The authors stress important caveats. NGS provides powerful, unbiased detection of bacterial DNA sequences but does not directly equate to live bacterial counts or demonstrate active infection. Contamination and technical artifacts are potential concerns in any microbiome study of low-biomass tissues such as the brain, and additional methods are required to confirm microbial presence, localization, and viability.
“We observed a clear signal indicating differences in bacterial DNA between Alzheimer’s and control brains, but this method alone cannot determine whether bacteria are causative agents, contributors, or incidental findings,” notes Shelley Allen. The team calls for quantitative and complementary approaches — for example, in situ detection, culture-based methods, or targeted quantitative PCR — across larger numbers of samples to validate and extend these results.
Future investigations should test whether bacterial translocation into the central nervous system is associated with specific genetic risk factors, whether particular microbes can trigger or exacerbate neuroinflammation and neurodegeneration, and whether similar patterns appear in other neurodegenerative disorders that involve inflammatory processes.
Funding: The study received support from Bristol Research into Alzheimer’s and Care of the Elderly and the Sigmund Gestetner Trust.

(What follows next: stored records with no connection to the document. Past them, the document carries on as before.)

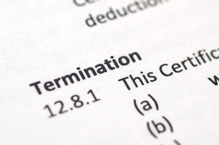 A close-up of a legal document with the word Termination in sharp focus, symbolizing the definitive end of an agreement and its consequences.
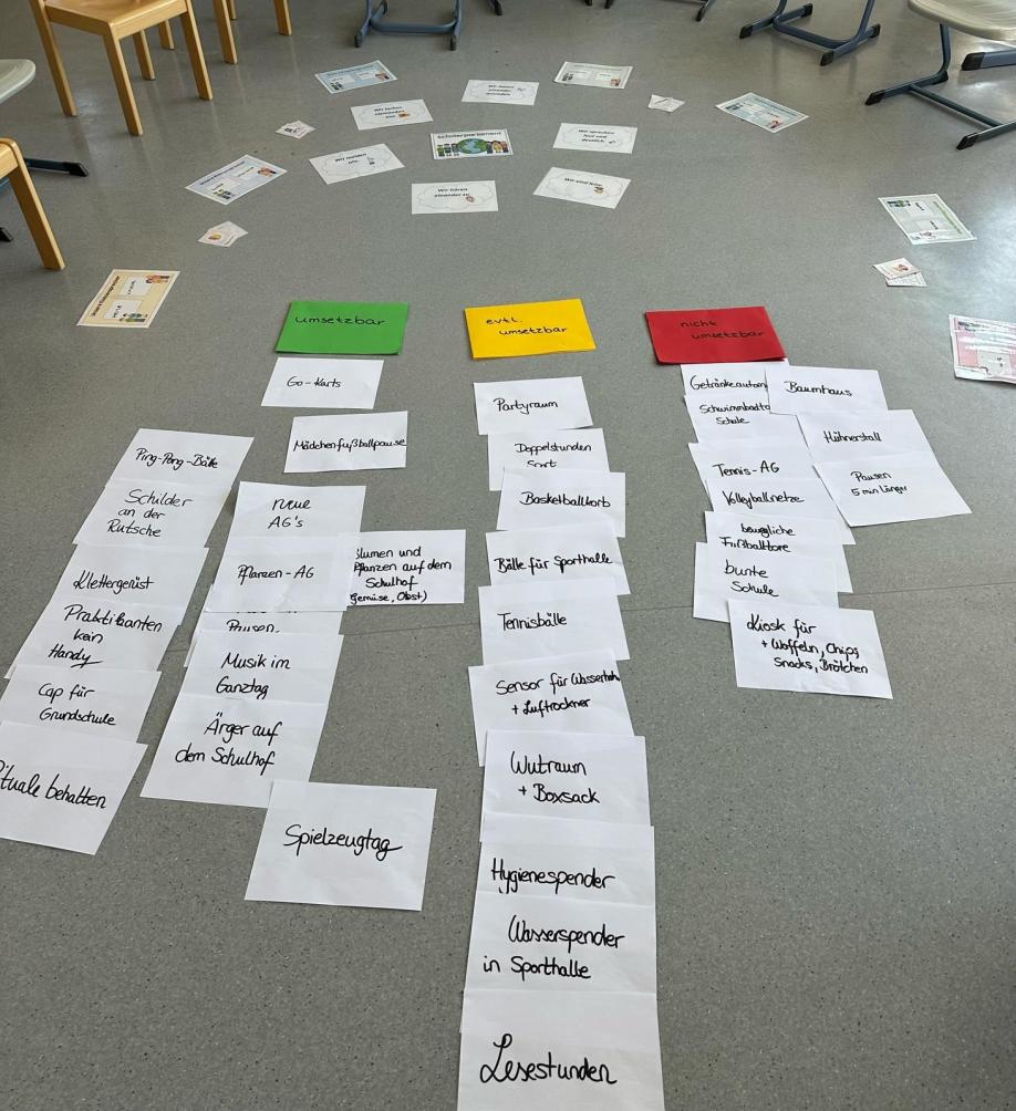 Um die Vielzahl an Ideen gemeinsam besser einordnen zu können, wurde ein Ampelsystem verwendet. Vorschläge, die sofort umsetzbar sind, wurden mit der Farbe Grün markiert. Ideen, die noch genauer geprüft oder weiterentwickelt werden müssen, erhielten die Farbe Gelb. Rote Markierungen bekamen solche Vorschläge, die aus bestimmten Gründen momentan nicht realisierbar sind. Dieses System half den Kindern, die Entscheidungsprozesse besser nachzuvollziehen und zu verstehen, welche Möglichkeiten bestehen und wo Grenzen liegen.
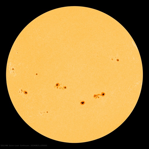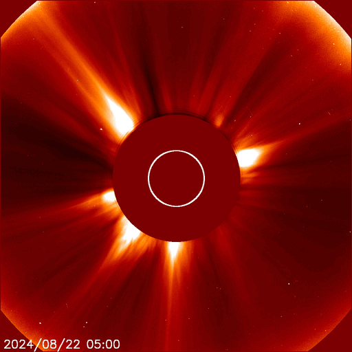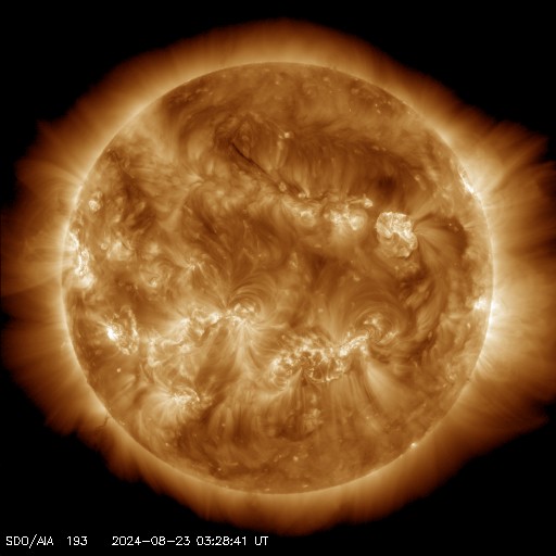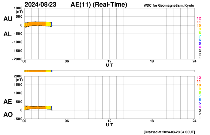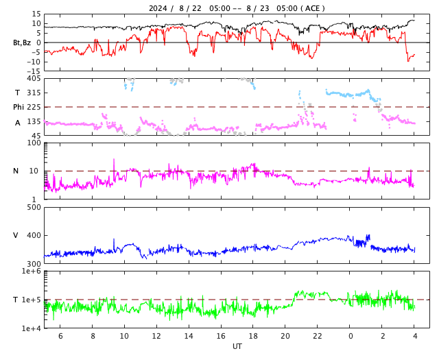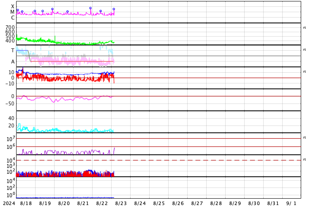 2024/ 8/23 13:19 更新 太陽風は低速で、磁気圏は穏やかです。フレアの発生が続いています。 担当 篠原 太陽風の速度は、 320km/秒から350km/秒へ少し上がっていますが、 低速の状態は続いています。 磁場強度は、グラフの途中から5〜10nTの間を 上がり下がりする様になっています。 磁場の南北成分は、北寄りに傾向が変わっています。 磁気圏は穏やかになっていて、 AE指数は小規模の変化が発生する程度です。 SDO衛星AIA193の太陽コロナ写真は、 全体がぼんやりと光っていて、 コロナホールは特に見えていません。 太陽風は穏やかな状態が続きそうです。 太陽は、中心部の3796黒点群で、 C5.0、C8.3、M1.5、C9.2など、 北東の端(左上)近くの3801群で、 C7.8、C6.1、M3.4など、 小規模、中規模のフレアが次々に発生しています。 この後も活動に注目して下さい。 また、太陽の向こう側ですが、 昨日の午後、22日15時(世界時22日6時)頃に フィラメント噴出などの現象が発生した様で、 SOHO衛星LASCO C2、C3で、 太陽の右上に広がるCME(コロナ質量放出)が観測されています。

Source: Melissa Cochrane – Frontiers.
Image Source: Illustrative image credited to NeuroscienceNews.com and provided for informational purposes.

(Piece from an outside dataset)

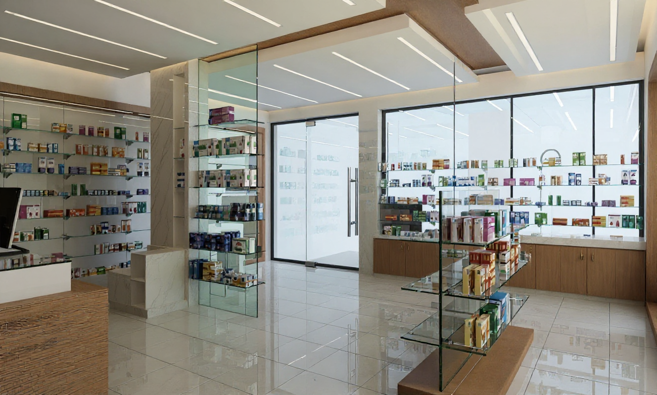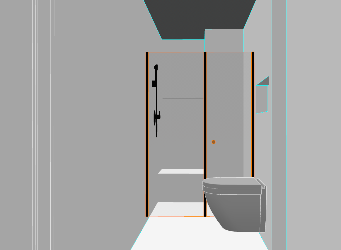 the walls floors and countertops are beige marble leds in the niches and under the mirrored cabinet the ceiling is white and there are 4 spotlights on the ceiling the shower cabin is bright transparent glass
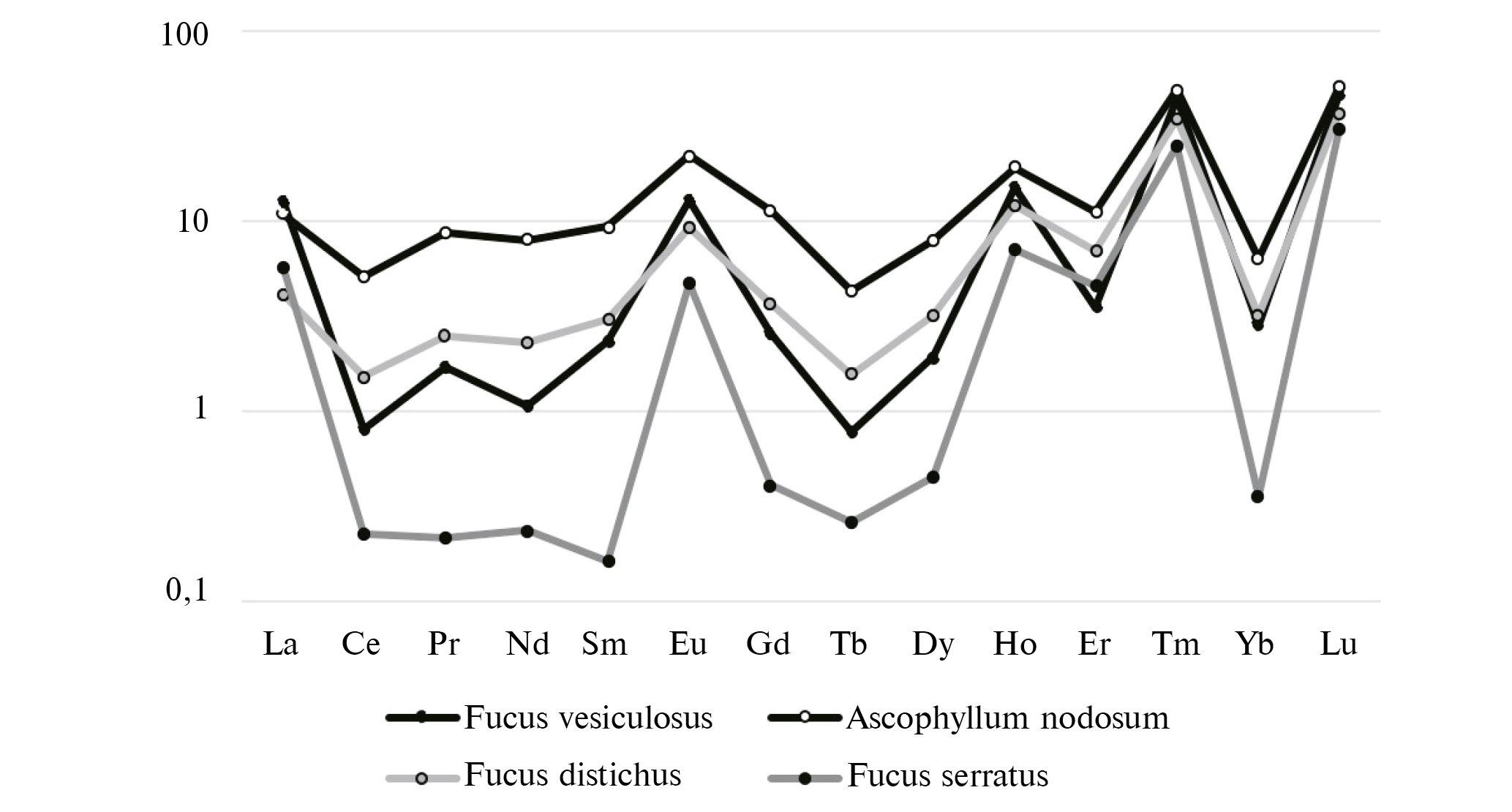 В южных морях среди макрофитов Cystoseira crinita, C. barbata, Dictyota dichotoma, Eclonia stoloniefera, Sargassum, hemiphyllum, S. honeri, Undaria pinnatifida, Eclonia cava, Adenocystis utricularis Colpomenia sinuosa обнаружены содержания РЗЭ на 2–3 порядка превышающие значения для фукусовых cеверных морей [13–17]. Такие различия могут определяться особенностями видов и (или) более высокими температурами воды.

Original Research: “16S rRNA Next Generation Sequencing Analysis Shows Bacteria in Alzheimer’s Post-Mortem Brain” by David C. Emery, Deborah K. Shoemark, Tom E. Batstone, Christy M. Waterfall, Jane A. Coghill, Tanya L. Cerajewska, Maria Davies, Nicola X. West and Shelley J. Allen. Frontiers in Aging Neuroscience. Published online June 20, 2017. DOI: 10.3389/fnagi.2017.00195.
Abstract (summary)
The study used 16S rRNA gene-targeted next generation sequencing to profile bacterial DNA from frozen and formalin-fixed brain tissue of a small cohort of Alzheimer’s and cognitively normal cases. Results indicate altered bacterial community composition and an apparent increase in bacterial sequence signal in Alzheimer’s brain tissue compared with normal brains. These observations add to the emerging discussion about possible microbial contributions to neuroinflammation and neurodegeneration, while underlining the need for further quantitative and mechanistic research.